Almost the worst garage sale tap marked HSS will be better than those department store carbon steel taps.  I bought some lousy ones at Lowe's and complained to the manufacturer.  They sent me a new set, which I promptly gave away.  One of the taps tapped large, and some screws wouldn't engage.

Internet wisdom says that the cheap carbon steel taps shatter when you hit them with a punch, so they can be removed easily when you break the tap in a hole.  This is NOT true.  I suspect that this factoid came from the observation that vintage fine gunsmithing carbon steel taps can be shattered with a punch.  The cheap ones definitely cannot and will cost a carbide endmill to remove.
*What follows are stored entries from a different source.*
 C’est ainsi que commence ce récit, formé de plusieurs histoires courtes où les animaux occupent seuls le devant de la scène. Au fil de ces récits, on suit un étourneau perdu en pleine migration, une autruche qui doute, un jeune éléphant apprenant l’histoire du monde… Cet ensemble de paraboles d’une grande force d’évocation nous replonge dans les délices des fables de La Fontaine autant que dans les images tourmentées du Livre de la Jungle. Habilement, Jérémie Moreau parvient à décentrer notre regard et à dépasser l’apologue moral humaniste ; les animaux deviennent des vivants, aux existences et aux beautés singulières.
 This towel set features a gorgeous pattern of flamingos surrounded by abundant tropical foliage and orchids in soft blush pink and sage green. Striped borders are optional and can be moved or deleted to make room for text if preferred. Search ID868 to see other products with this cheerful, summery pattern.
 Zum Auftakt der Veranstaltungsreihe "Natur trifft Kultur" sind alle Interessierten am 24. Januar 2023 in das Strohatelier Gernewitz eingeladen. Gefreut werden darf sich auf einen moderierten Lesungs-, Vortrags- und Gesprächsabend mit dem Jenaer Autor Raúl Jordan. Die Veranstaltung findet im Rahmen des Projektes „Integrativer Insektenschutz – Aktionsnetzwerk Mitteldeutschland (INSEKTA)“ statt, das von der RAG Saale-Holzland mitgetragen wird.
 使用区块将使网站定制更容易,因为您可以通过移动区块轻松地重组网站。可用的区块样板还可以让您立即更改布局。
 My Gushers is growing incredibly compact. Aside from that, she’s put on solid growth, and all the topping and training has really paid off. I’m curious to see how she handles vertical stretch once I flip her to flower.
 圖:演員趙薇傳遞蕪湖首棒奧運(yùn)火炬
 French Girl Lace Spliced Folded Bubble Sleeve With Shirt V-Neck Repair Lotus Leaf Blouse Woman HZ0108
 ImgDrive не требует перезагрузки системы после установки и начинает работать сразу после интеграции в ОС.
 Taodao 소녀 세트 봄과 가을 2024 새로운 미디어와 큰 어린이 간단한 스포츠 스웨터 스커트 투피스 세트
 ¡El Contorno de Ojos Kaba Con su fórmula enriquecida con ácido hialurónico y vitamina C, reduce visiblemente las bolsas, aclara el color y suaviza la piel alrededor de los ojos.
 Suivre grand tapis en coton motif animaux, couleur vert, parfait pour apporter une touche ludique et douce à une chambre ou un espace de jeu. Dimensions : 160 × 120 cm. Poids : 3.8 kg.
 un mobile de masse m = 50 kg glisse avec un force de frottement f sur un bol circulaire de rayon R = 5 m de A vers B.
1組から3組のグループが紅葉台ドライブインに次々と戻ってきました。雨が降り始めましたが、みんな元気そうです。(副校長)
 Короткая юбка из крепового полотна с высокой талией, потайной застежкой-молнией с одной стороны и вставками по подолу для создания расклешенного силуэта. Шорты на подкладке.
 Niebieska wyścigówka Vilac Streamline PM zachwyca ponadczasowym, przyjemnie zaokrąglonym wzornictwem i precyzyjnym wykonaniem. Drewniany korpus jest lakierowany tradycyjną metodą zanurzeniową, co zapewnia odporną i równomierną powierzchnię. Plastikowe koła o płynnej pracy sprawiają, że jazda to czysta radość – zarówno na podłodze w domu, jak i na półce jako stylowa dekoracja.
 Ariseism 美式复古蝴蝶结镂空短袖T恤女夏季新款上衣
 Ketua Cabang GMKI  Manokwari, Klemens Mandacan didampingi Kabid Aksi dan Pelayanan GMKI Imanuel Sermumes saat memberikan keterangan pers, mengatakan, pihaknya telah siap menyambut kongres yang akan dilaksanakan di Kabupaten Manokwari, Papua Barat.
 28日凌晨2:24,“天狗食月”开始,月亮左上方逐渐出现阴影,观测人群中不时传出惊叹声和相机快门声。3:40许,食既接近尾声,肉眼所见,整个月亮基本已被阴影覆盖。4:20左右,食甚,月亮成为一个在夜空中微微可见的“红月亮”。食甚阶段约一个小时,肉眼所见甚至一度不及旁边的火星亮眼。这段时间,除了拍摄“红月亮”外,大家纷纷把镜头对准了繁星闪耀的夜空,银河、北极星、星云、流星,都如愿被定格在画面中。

Buy taps one at a time from an industrial supply store.  The guy who goofed up the hole ended up going to Fastenal.  One tap cost almost half the price of the big box set.  Furthermore, it was made in China.  Didn't matter.  It was name brand, HSS, and fine quality.  The Lowe's taps were made in the US.  If you looked at them side by side, you could see the difference in quality.  Scary.


----------



## graham-xrf (Sep 3, 2020)

I have a couple of sets very like yours. They seem similar - except for the price! Mine cost nothing like that. For what I was doing at the time, they did not have to be great. Of course, most of the sizes never got used.
I agree with the folk here. Buy what you need at the time you need it. Make it quality. Let your collection build up over time.


----------



## paul_cpu (Sep 3, 2020)

The thing is I am not sure what is good quality, I think what I'll do is look for a HSS set thats not to much.  Then at swapmeets/online/gumtree buy them one buy one


----------



## Winegrower (Sep 3, 2020)

If you look very closely at cheap and quality taps, the difference I can see is at the cutting edge.  Good taps and dies have obvious sharp well formed edges.  The cheap ones look terrible.


----------



## ahazi (Sep 3, 2020)

The HSS tap and drill sets from Shars are very good. I have them for years and they perform very well. The price is very reasonable.





__





						Search results for: 'Tap sets'
					

Shars Tool




					www.shars.com
				








Ariel


----------



## brino (Sep 3, 2020)

Winegrower said:


> The cheap ones look terrible.



Yep!
Also, I once had a cheap set and the dies would screw onto a bolt at an angle much different than 90 degrees.
If aligning them square to the work is wrong then how the heck are they at all useful?!?!?!

-brino


----------



## matthewsx (Sep 4, 2020)

+1 on buying individuals from an industrial supplier. Just Google industrial tool supply and call the one closest to you. Tell them what you want and pay what it costs to get a quality HSS tool, most suppliers will have different grades and can tell you which to buy for your use.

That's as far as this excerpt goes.